Problem: Lines from the one with "Display of ancient" up to and including the one with "党课开始前,邓军书记带领全体" are to be copied exactly from the records below, without their pictures.

Information supplied:
------------------------------------

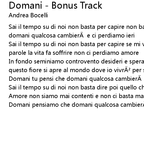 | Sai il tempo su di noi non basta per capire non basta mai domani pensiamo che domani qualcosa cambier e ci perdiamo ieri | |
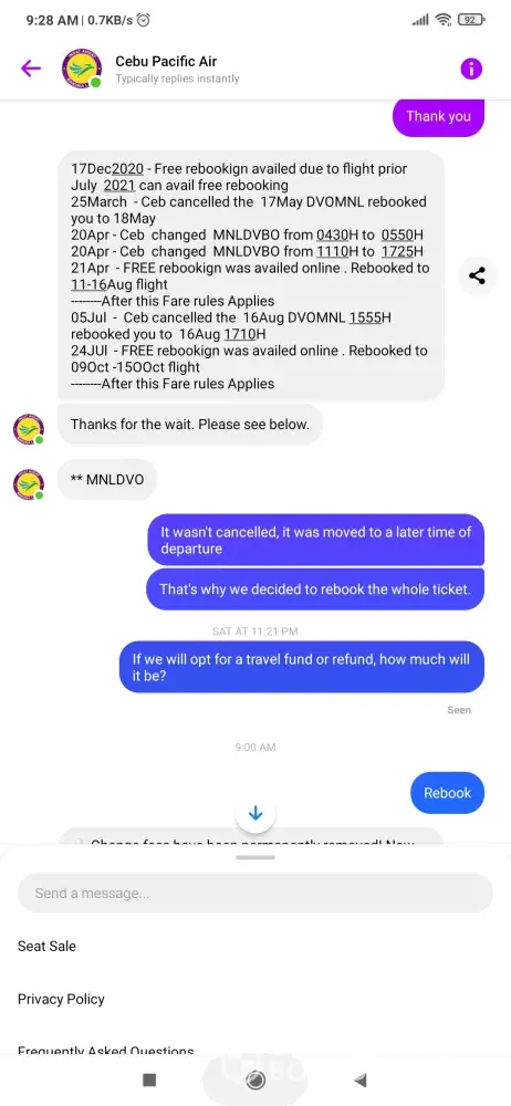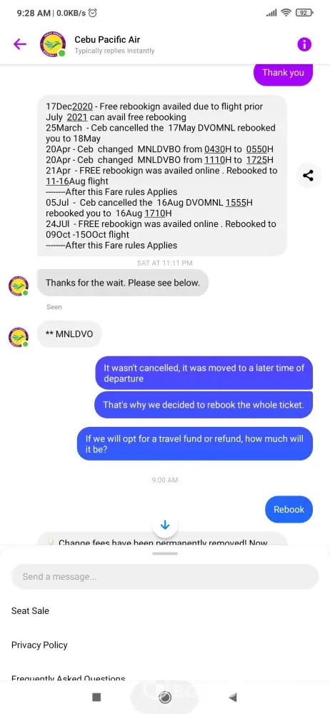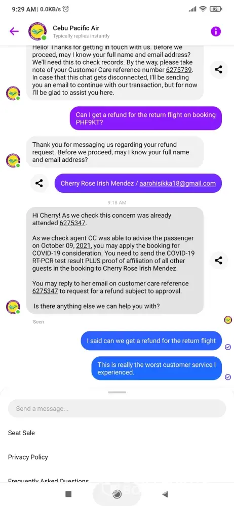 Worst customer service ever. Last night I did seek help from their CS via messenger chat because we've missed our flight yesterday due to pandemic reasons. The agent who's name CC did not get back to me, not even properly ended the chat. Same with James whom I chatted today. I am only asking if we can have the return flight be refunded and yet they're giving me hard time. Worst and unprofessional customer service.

------------------------------------

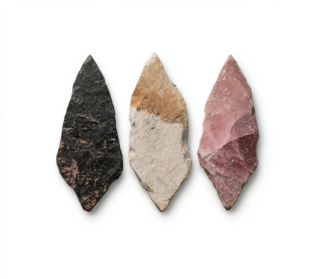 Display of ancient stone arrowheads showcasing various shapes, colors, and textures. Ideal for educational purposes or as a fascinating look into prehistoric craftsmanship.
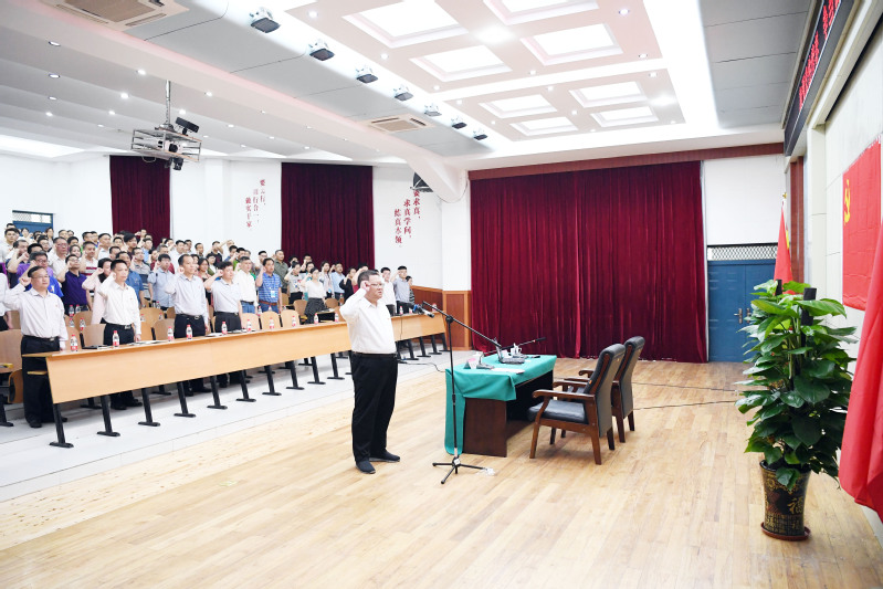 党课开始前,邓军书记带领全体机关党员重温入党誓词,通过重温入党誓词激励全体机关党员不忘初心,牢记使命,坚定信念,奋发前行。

------------------------------------

Response to the exercise:
 Display of ancient stone arrowheads showcasing various shapes, colors, and textures. Ideal for educational purposes or as a fascinating look into prehistoric craftsmanship.
 党课开始前,邓军书记带领全体机关党员重温入党誓词,通过重温入党誓词激励全体机关党员不忘初心,牢记使命,坚定信念,奋发前行。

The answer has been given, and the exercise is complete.